● EXERCISE REQUIREMENTS: Restate word for word the entries below, starting at the line with "クリーニング プレス済み 1956" and ending at the line with "阳光助学,暖心行动,让爱无限". Keep both end lines and omit the pictures.

● SUPPLIED RECORDS:
=====
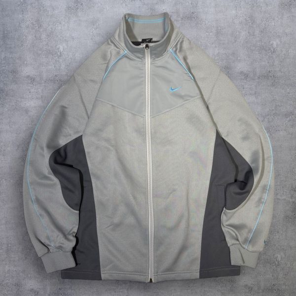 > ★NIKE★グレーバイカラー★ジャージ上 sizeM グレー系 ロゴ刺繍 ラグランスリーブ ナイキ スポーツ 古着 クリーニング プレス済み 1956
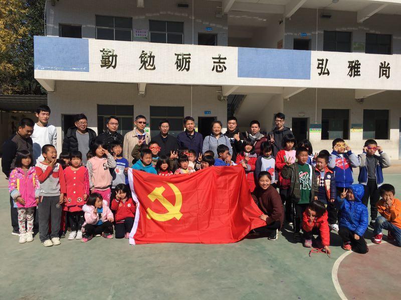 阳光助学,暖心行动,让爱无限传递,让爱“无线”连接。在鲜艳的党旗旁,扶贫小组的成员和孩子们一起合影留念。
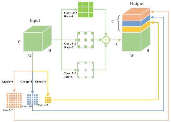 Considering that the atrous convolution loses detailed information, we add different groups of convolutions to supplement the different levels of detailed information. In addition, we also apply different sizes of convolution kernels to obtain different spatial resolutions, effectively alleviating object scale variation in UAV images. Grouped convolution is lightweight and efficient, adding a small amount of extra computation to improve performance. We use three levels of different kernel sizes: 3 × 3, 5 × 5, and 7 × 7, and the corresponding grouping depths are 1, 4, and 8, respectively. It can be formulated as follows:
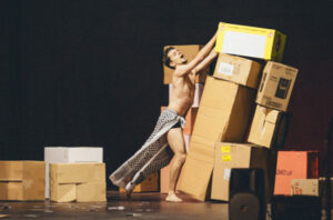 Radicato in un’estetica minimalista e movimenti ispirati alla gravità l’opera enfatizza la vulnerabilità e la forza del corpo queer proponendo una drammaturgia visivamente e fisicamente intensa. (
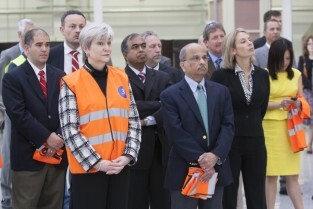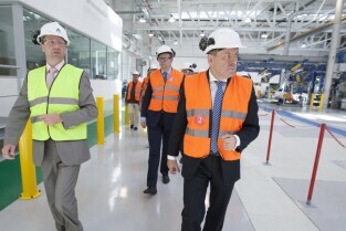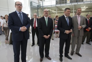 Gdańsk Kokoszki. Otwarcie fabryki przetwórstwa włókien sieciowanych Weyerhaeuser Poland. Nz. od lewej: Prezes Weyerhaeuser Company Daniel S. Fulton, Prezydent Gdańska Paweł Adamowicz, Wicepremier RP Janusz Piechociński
=====
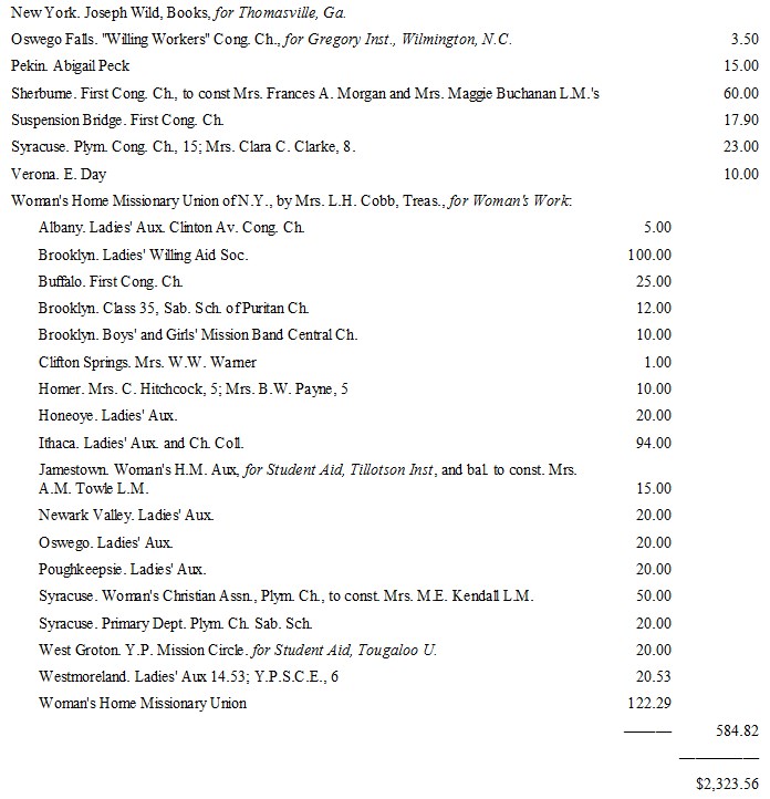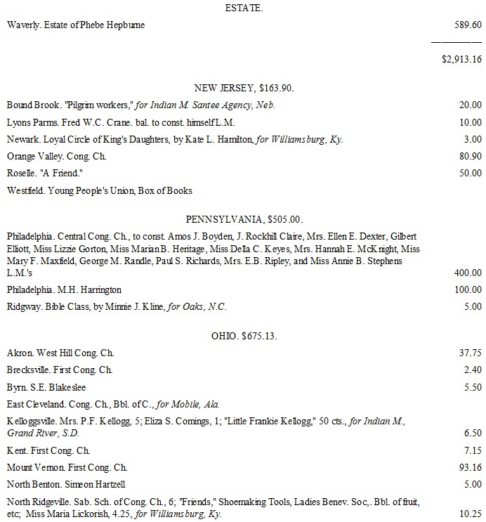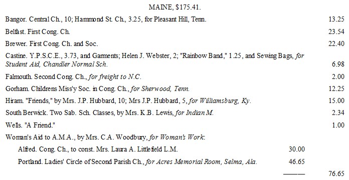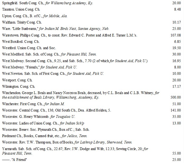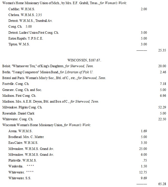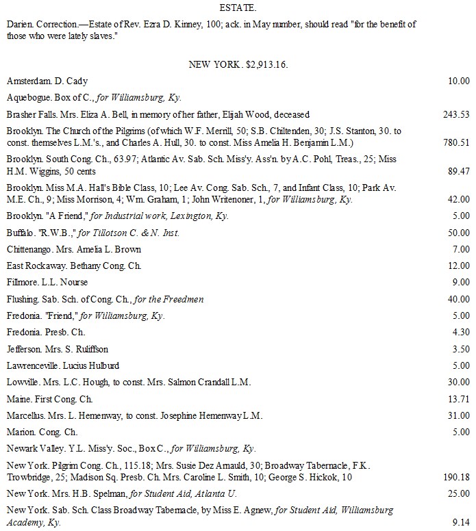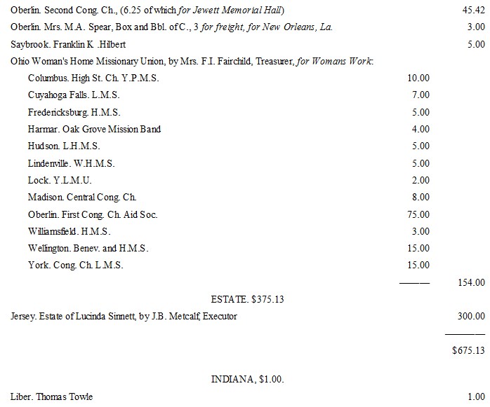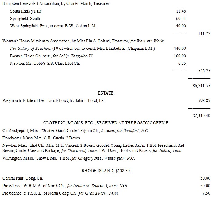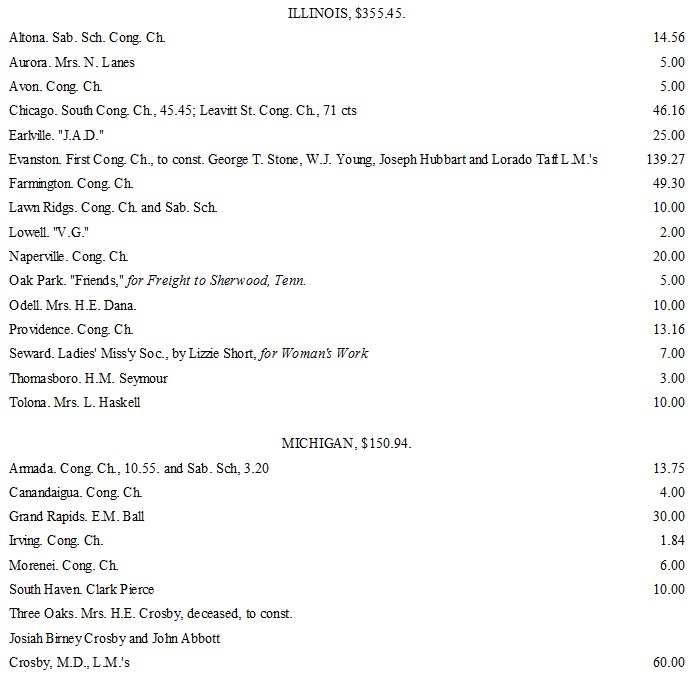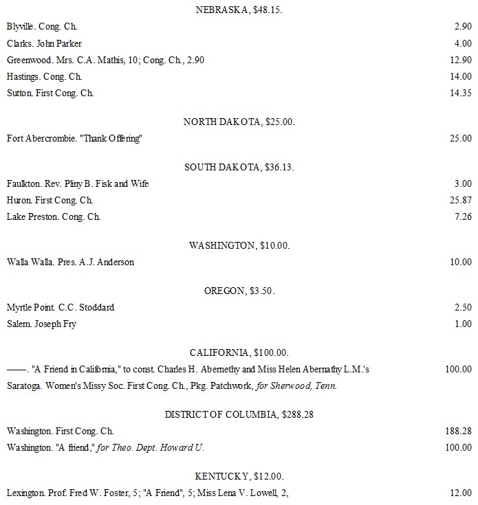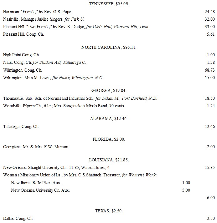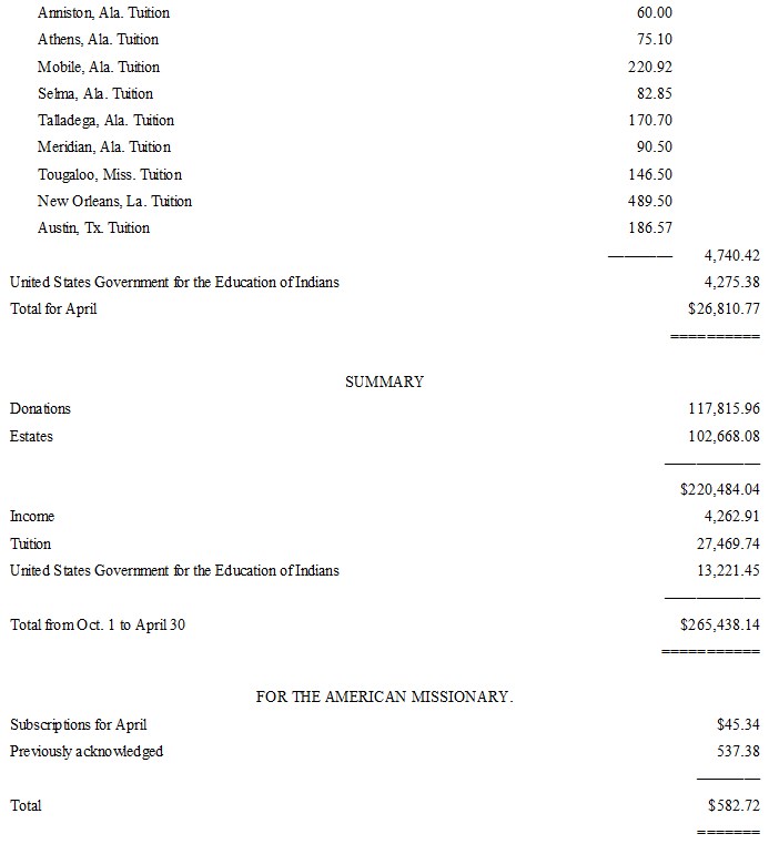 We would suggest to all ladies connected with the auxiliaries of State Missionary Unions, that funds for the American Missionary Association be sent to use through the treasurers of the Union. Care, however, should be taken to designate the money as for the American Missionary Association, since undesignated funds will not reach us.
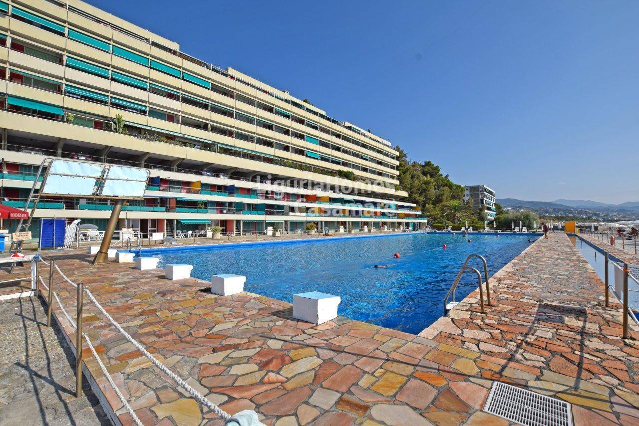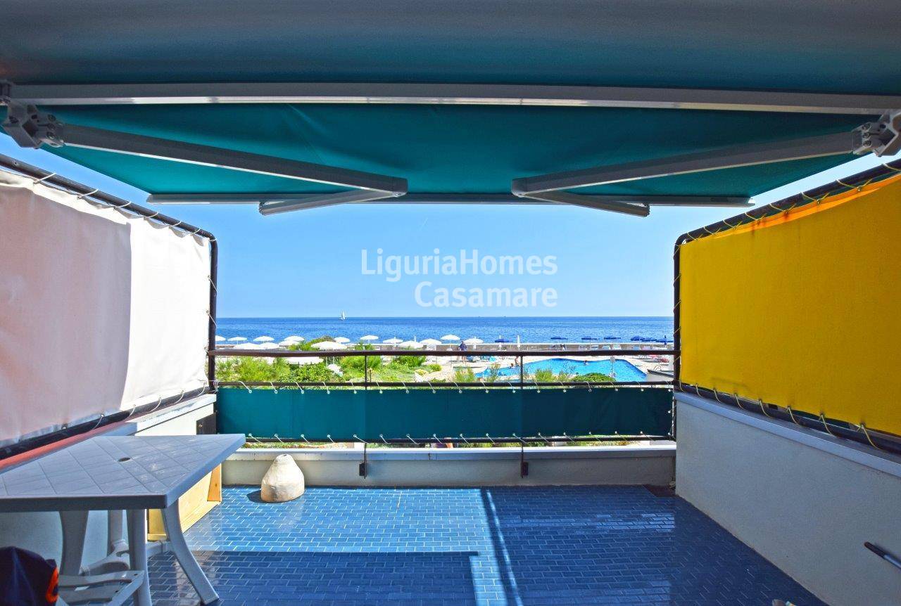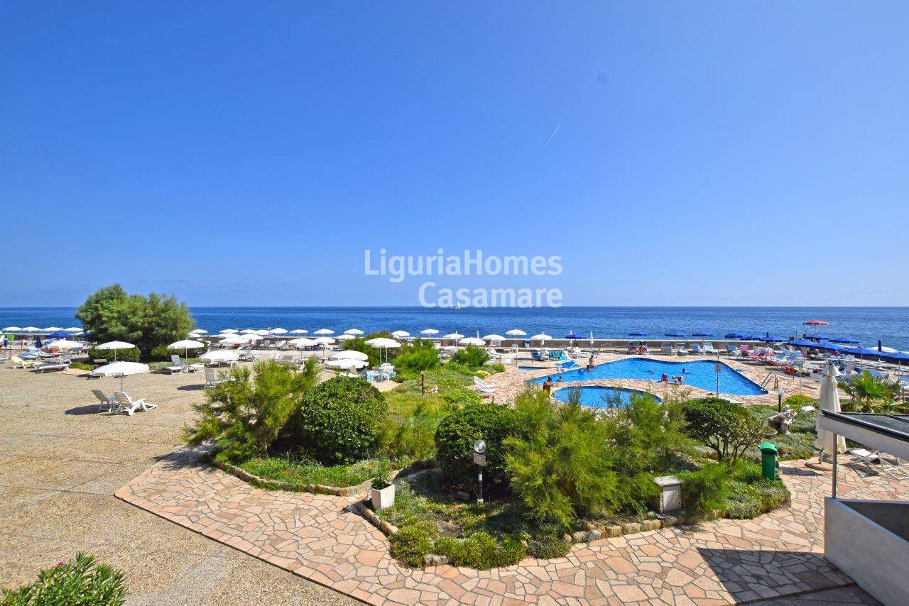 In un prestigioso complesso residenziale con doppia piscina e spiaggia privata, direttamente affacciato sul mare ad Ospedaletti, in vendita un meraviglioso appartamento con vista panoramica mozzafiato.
=====
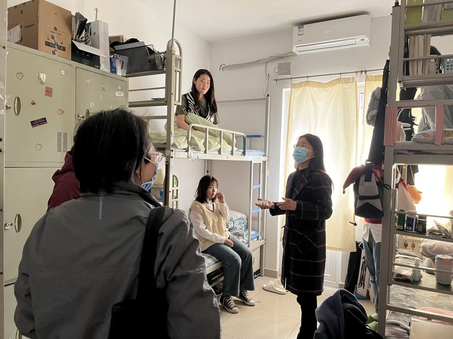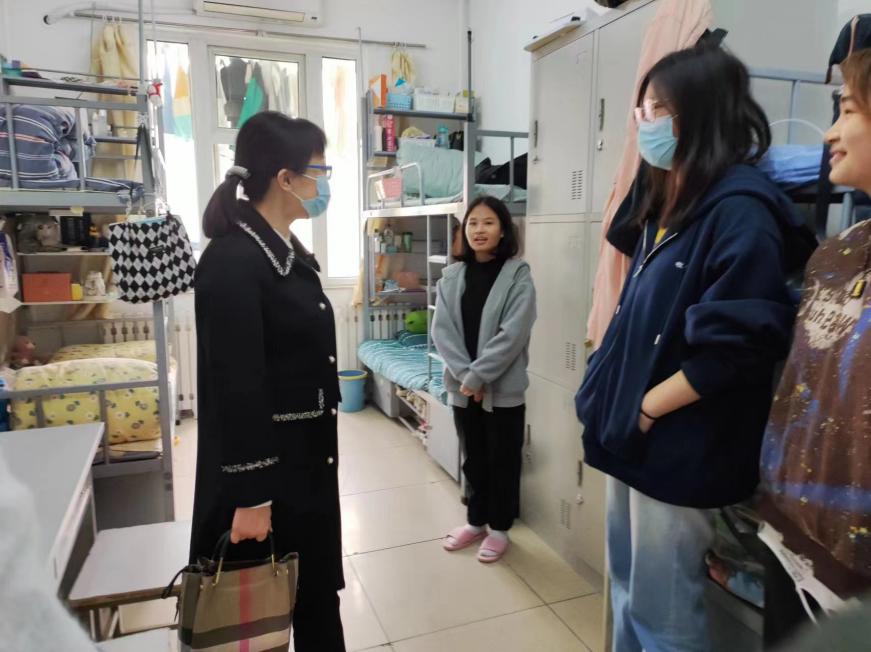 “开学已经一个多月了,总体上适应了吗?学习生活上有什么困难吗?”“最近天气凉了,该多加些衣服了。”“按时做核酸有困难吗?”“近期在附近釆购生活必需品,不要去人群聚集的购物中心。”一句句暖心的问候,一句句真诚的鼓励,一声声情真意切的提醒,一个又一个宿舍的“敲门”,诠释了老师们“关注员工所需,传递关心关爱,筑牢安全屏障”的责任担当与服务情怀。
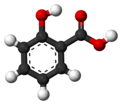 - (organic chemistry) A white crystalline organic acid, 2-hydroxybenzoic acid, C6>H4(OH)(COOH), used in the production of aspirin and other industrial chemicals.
=====
● OUTPUT FOR THIS TASK:
 > ★NIKE★グレーバイカラー★ジャージ上 sizeM グレー系 ロゴ刺繍 ラグランスリーブ ナイキ スポーツ 古着 クリーニング プレス済み 1956
 阳光助学,暖心行动,让爱无限传递,让爱“无线”连接。在鲜艳的党旗旁,扶贫小组的成员和孩子们一起合影留念。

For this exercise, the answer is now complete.